Parece que los jueces no se sienten preocupados por la incidencia de sus actitudes poco solidarias en su imagen colectiva.

Se equivocan aquellos que aseveran que en nuestro país la Justicia está firmemente subordinada a «la política»: en un ámbito por lo menos, el Poder Judicial nunca ha dejado de subrayar su propia independencia, oponiéndose sin titubear un solo instante a las medidas propuestas por el Poder Ejecutivo y, si cabe, a los deseos del Legislativo. Cuando ha sido cuestión de sus propios ingresos, los jueces de la Corte Suprema, acompañados por sus colegas menos eminentes -sobre todo por los procedentes de las provincias más pobres como Santiago del Estero-, siempre se han manifestado más que dispuestos a resguardar su autonomía esgrimiendo en su defensa una variedad impresionante de razones éticas, jurídicas y constitucionales. Puede entenderse, pues, el escepticismo indisimulado de diversos integrantes del gobierno del presidente Fernando de la Rúa en cuanto a la voluntad del Poder Judicial de colaborar con el «ajuste» que están poniendo en marcha a fin de impedir que el país se precipite en un abismo financiero que, de abrirse, podría resultarle tan profundo como peligroso. Les sobran motivos para sospechar que, una vez más, los jueces antepondrán sus intereses corporativos a aquellos del país en su conjunto, obligando de este modo a otras reparticiones del sector público a reducir aún más sus gastos.

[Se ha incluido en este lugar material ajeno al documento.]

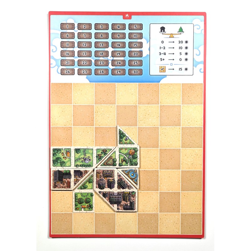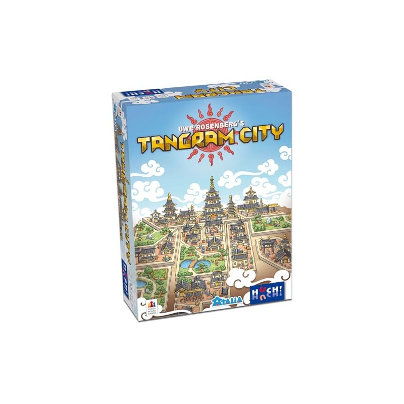 - Tangram City, designed by Uwe Rosenberg, is a very accessible strategy game where players act as city planners. The aim is to create a balance between urbanization (black tiles) and nature (green tiles) on their city board. The dots are marked on each handle according to the largest rectangle created with these tiles, reflecting successful urban planning. Players must also strategically manage the distribution of green spaces to maximize their score and add a level of tactics and thinking to each decision.

Según parece, los jueces no se sienten constreñidos a preocuparse por la eventual incidencia de sus actitudes poco solidarias en su imagen colectiva, acaso por estar convencidos de que es tan mala menos por su costumbre de defender sus haberes con uñas y dientes en períodos de crisis, que por el enriquecimiento claramente inexplicable de algunos, la conducta indigna, cuando no criminal, de otros y también, obvio es decirlo, la producción esporádica de fallos que en opinión de muchos sirven para beneficiar a políticos cuando éstos están en condiciones de ayudar a los responsables en su trayectoria profesional o, como ocurre a veces, en el caso de que opten por emprender una nueva carrera en el Poder Legislativo o Ejecutivo. Puesto que gracias a las proezas recientes del juez Jorge Urso la reputación de los jueces ha mejorado últimamente, es de prever que su resistencia a aceptar las rebajas propuestas por el gobierno sea aún más tenaz de lo que hubiera sido si las circunstancias fueran distintas y se creyeran obligados a comprometerse con el esfuerzo común. Además, por ser la legislación nacional mayormente precapitalista, para no decir anticapitalista, el gobierno pensará dos veces antes de tratar de presionar a los jueces por miedo a verse frente a una multitud de fallos destinados a descalificar por ilegales todos sus intentos de enderezar la economía del país. Si bien a menudo la realidad jurídica así reivindicada tiene poco que ver con la realidad tal y como efectivamente es, ningún gobierno puede darse el lujo de pasarla por alto. Entre otras cosas, la «industria del juicio», combinada con fallos destinados a conservar el statu quo contra gobiernos resueltos a cambiarlo, constituye un arma muy potente.

A esta altura, nadie puede dudar de que el país se debe una reforma judicial drástica que suponga no meramente la remoción de los jueces que fueron nombrados exclusivamente por motivos políticos o por sus vínculos con alguno que otro poderoso, sino también modificaciones encaminadas a permitir que la Justicia, cuya morosidad en nuestro país es legendaria, funcione con mayor rapidez y, claro está, eficiencia, esfuerzo que tendría que ser suplementado por la modernización de una cantidad de leyes de todo tipo. Sin embargo, por razones evidentes esta empresa tan necesaria seguirá postergándose hasta que haya sido resuelto un sinnúmero de problemas más urgentes, de manera que por ahora tendremos que convivir con el Poder Judicial al cual estamos habituados con la esperanza de que en esta ocasión sus integrantes encuentren la forma de decidir que les convendría cooperar con el resto del país, legitimando recortes salariales similares a los que otros vinculados con el sector público ya han aceptado o, en el caso de muchos empleados estatales y jubilados, que sencillamente tendrán que soportar porque la alternativa les sería incomparablemente peor.